Ordinarily, a policy change as aggressive, controversial, and disruptive as the one established by Ali’s Dear Colleague letter would have been preceded by study commissions, congressional hearings, the introduction of amendments, and counter-amendments, and vigorous debate. Instead, as Melnick documents in relentless, meticulous detail, the radical transformation of college campuses was accomplished with little public notice and no open political participation. College administrators, ever fearful of being investigated, rushed to conform with the new policies.

Schools have now developed elaborate “sex bureaucracies” to educate, monitor, train, investigate, and punish. Harvard has 50 full- and part-time Title IX coordinators. Yale has 30. Swarthmore College—with only 1,500 students—has a network of Title IX deputy coordinators, fellows, investigators, and advisers. On campuses throughout the country, students and faculty are now routinely denied due-process rights. Hundreds of students, mostly young men, have been subject to kangaroo courts and expelled from school.

Melnick is calling for a return to the rule of law. He urges administrators, judges, and legislators to preserve and protect the fundamental principles of liberal constitutional democracy: due process, freedom of speech, academic freedom. Most of all, he pleads for returning Title IX to its original purpose—not quirky social engineering but expanded educational opportunities. He ends on a hopeful note. “We might learn that real progress involves going back to basics.”

The current Department of Education is moving in the right direction. Secretary Betsy DeVos has rescinded the April 2011 Dear Colleague letter and promises to replace it with rules developed through the required open process.

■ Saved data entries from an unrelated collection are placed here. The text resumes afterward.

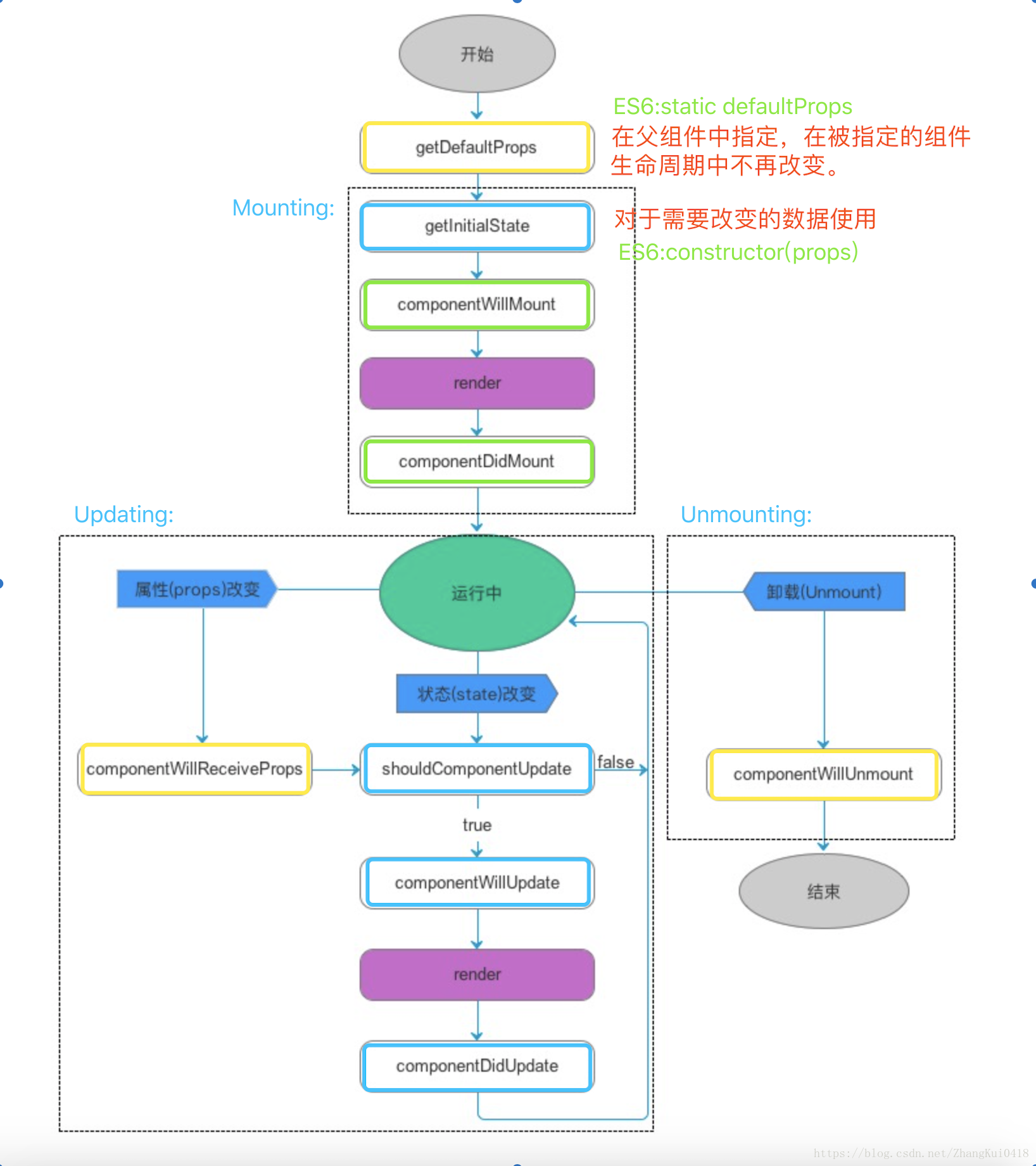 componentWillReceiveProps当props发生变化时执行,初始化render时不执行,在这个回调函数里面,你可以根据属性的变化,通过调用this.setState()来更新你的组件状态,旧的属性还是可以通过this.props来获取,这里调用更新状态是安全的,并不会触发额外的render调用
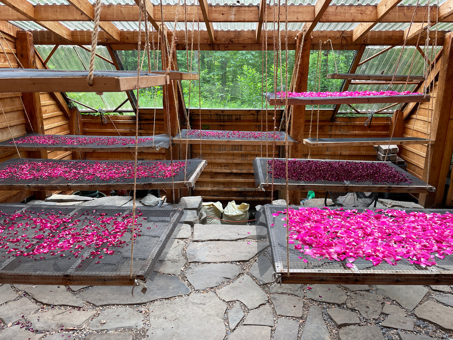 Our earth sheltered greenhouse cradles our seedlings in the spring and dries our harvests for our herbal tea blends in the summer.
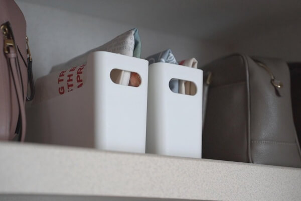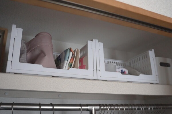クローゼットの上段に置いてエコバッグを入れたりもできます。
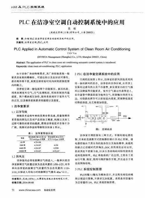 二、基于PLC的自动控制设计1. 空气处理系统的控制空气处理系统主要包括空气净化器、除湿器、空气冷却器等设备,通过PLC可以实现对这些设备的自动控制。
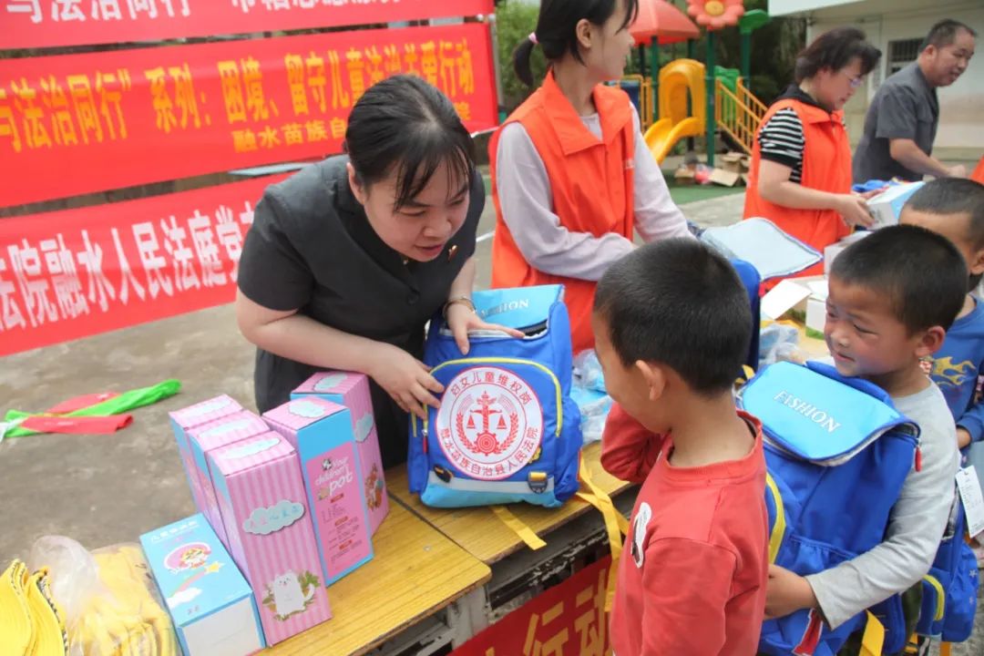 此外,融水法院还通过建立普法志愿服务队,联合炭火协会等志愿者力量,共同开展“法官妈妈为我上堂课”“情感线连线、心连心”等活动,鼓励妇女儿童乐观面对生活,利用“儿童节”“三八节”“中秋节”等节日分别为结对帮扶村的留守儿童、贫困妇女送去学习、生活用品,传递司法温暖。
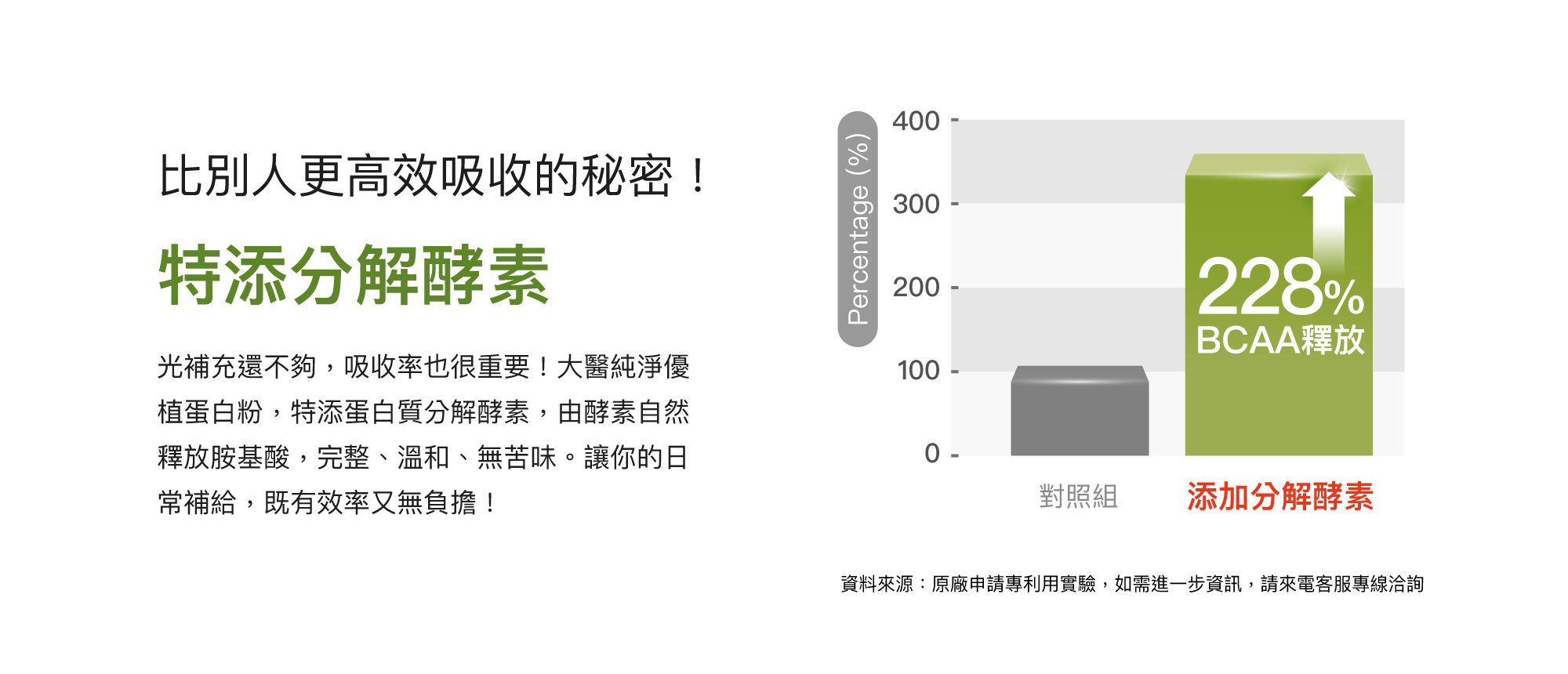 • 獨家酵素,幫助 BCAA釋放+228%
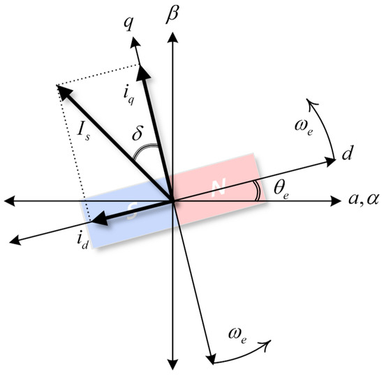 While the influence of the dead-time appears th harmonics in the synchronous reference frame as Equation (4), the TCV errors can be obtained through them [16]. Although the th harmonics appear on both d-q axis, the TCV error extracting axis can be selected as a d-axis since the d-axis has a larger voltage error than the q-axis. However, if there is a d-axis current (), the fundamental component of the harmonic voltages is moving to the q-axis as shown in Equation (4). Thus, to obtain a constant error regardless of the amount of d-axis current, the synchronous reference frame transformation based the three-phase current vector should be carried out. In this case, if the phase of the three-phase current vector is simply obtained by using the Equations (21) and (22), the harmonic components do not appear in the d-axis current because the harmonic component of the current affects . For this reason, the ideal phase of three-phase current vector can be obained by d-q axis current commands , as following Equations (27) and (28), assuming that the actual currents do not deviate for the current commands.
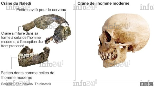 D’après John Hawks, chercheur à l’université de Wisconsin-Madison et auteur d’un article publié jeudi dans le magazine scientifique eLife, l’homo Naledi avait un cerveau minuscule de la taille d’une orange et un corps très élancé et il mesurait en moyenne 1,5 mètre et pesait 45 kilos.

She has also issued interim guidelines restoring due process to the college campus. “The era of rule-by-letter is over,” said the secretary.

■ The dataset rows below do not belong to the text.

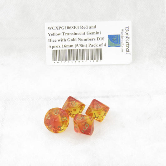 WCXPG1068E4 Red and Yellow Translucent Gemini Dice Gold Numbers D10 Aprox 16mm (5/8in) Pack of 4
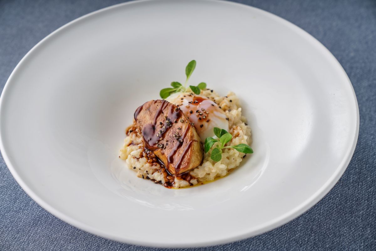 女性から特に人気が高い「フォアグラソテー&トリュフのリゾット 温玉を絡めて」(1800円)。トリュフの上品な芳香が、クリームベースのリゾットからふわりと漂います。
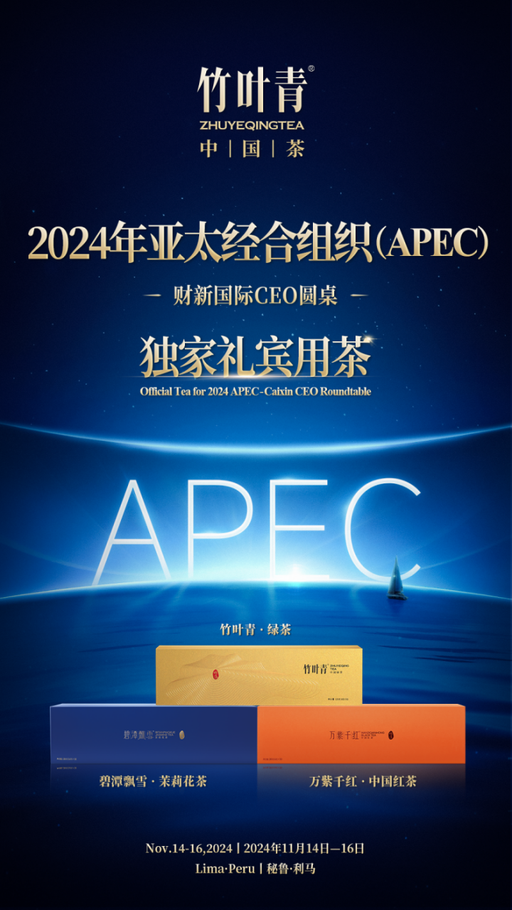 2024年亚太经合组织(APEC)会议正在秘鲁首都利马举行。中国茶竹叶青受邀成为“2024年亚太经合组织(APEC)财新国际CEO圆桌独家礼宾用茶”。
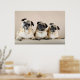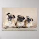 Trois Carlins se couchant côte à côte et inclinant la tête de la même façon.
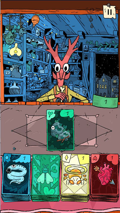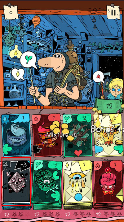 《奇迹商人》是一款单人纸牌风格的药水酿造游戏,玩家扮演炼金术士学徒,通过合成卡牌为顾客制作所需药水。每局开始时有四叠颜色各异的卡牌(蓝、绿、黄、红),每种13张,每次需用四张卡牌组合成药水。卡牌左上角和右下角分别有不同的标志:左上角代表顾客需求元素,右下角则显示是否可以与其他卡牌组合。
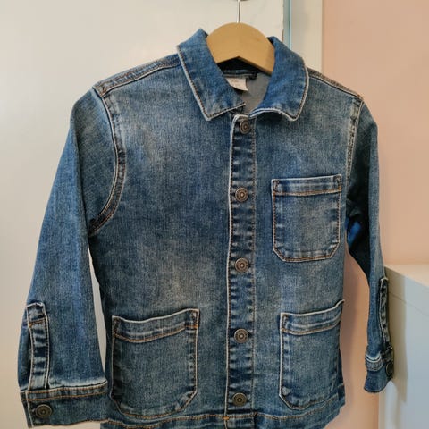 Zara farkkutakki lapsille, koko 104. Sininen denim-materiaali. Unisex-malli, jossa pitkät hihat, kaulus ja nappikiinnitys edessä. Edessä kaksi rintataskua napeilla ja takana yksinkertainen leikkaus. Sopii arkipukeutumiseen ja kerrospukeutumiseen lapsille noin koossa 104 cm.
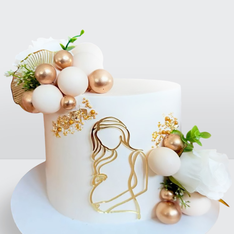 Торт для беременной с силуэтом цветами и золотыми шарами № 965

But what if the damage proves to be irreversible? Universities have built up powerful internal bureaucracies devoted to preserving and expanding the dominion of Title IX. So far, most schools are sticking with the old rules and not adopting the secretary’s interim guidelines. U.S. senators Bernie Sanders and Kirsten Gillibrand have denounced DeVos’s reform proposals as “a disgrace” and “shameful.” Congressional Democrats have introduced the Title IX Protection Act to enact Ali’s Dear Colleague letter into law. A similar bill sailed through the California legislature—nearly unopposed.

Melnick’s faith in reform might seem naive except for one unexpected development. When the California Title IX protection bill came to Governor Jerry Brown’s desk last year, he refused to sign it. And his reasons for the veto sounded almost Melnickian. Accused students, the governor said, are owed “the presumption of innocence until the facts speak otherwise.”

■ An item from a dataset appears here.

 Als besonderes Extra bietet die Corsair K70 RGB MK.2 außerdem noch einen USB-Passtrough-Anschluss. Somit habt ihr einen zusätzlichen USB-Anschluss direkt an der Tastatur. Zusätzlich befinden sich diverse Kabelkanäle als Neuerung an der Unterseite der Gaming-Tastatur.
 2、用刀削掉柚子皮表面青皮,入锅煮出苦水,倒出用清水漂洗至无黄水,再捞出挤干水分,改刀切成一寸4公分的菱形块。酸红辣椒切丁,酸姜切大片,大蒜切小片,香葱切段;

The Transformation of Title IX is a disturbing tale of how, even in a rule-of-law nation like ours, bureaucrats and ideologues can subvert the law, wreak havoc on lives and civil liberties, and divert millions of dollars to harmful ends. Melnick’s book is an act of intellectual due process—it is scrupulous and nonpartisan. In these hyperbolic and hyper-partisan times, he has provided a model for how to address complex and contentious issues with reason and restraint.

Christina Hoff Sommers is a resident scholar at the American Enterprise Institute. Her books include Who Stole Feminism? and The War Against Boys.